Analytic treatment of black-hole gravitational waves at the algebraically special frequency

TL;DR

This paper analyzes the special frequency solutions of black-hole wave equations, revealing unique properties and their implications for understanding black-hole perturbations and mode behavior.

Contribution

It provides an exact solution at the algebraically special frequency, clarifies the physical significance of SUSY relationships, and explains the nature of modes and transmission at this frequency.

Findings

No quasinormal or total-transmission modes at the special frequency for RWE.

The special frequency exhibits a cancellation of divergences and branch-cut discontinuity vanishing.
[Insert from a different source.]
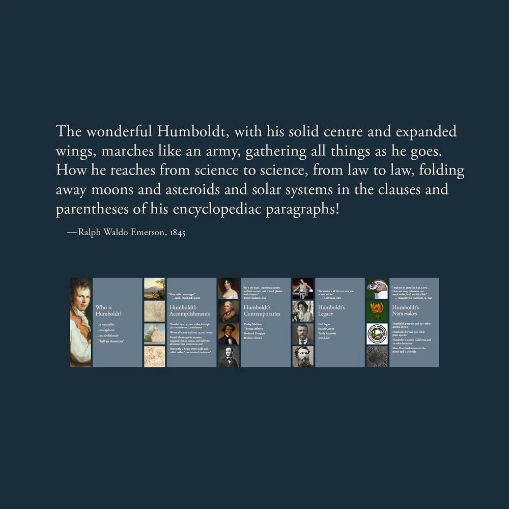 Patrick Bell Design collaborated SAAM staff to design this large-scale introductory wall for this fascinating exhibition of Humboldt and his visit to the early United States.

Finite rotation makes modes totally transmitting, clarifying Schwarzschild limit singularity.

Abstract

We study the Regge-Wheeler and Zerilli equations (RWE and ZE) at the `algebraically special frequency' $\Omega$, where these equations admit an exact solution (elaborated here), generating the SUSY relationship between them. The physical significance of the SUSY generator and of the solutions at $\Omega$ in general is elucidated as follows. The RWE has no (quasinormal or total-transmission) modes at all; however, $\Omega$ is nonetheless `special' in that (a) for the outgoing wave into the horizon one has a `miraculous' cancellation of a divergence expected due to the exponential potential tail, and (b) the branch-cut discontinuity at $\omega=\Omega$ vanishes in the outgoing wave to infinity. Moreover, (a) and (b) are related. For the ZE, its only mode is the-inverse-SUSY generator, which is at the same time a quasinormal mode_and_ a total-transmission mode propagating to infinity. The subtlety of these findings (of general relevance for future study of the equations on or near the negative imaginary $\omega$-axis) may help explain why the situation has sometimes been controversial. For finite black-hole rotation, the algebraically special modes are shown to be totally transmitting, and the implied singular nature of the Schwarzschild limit is clarified. The analysis draws on a recent detailed investigation of SUSY in open systems [math-ph/9909030].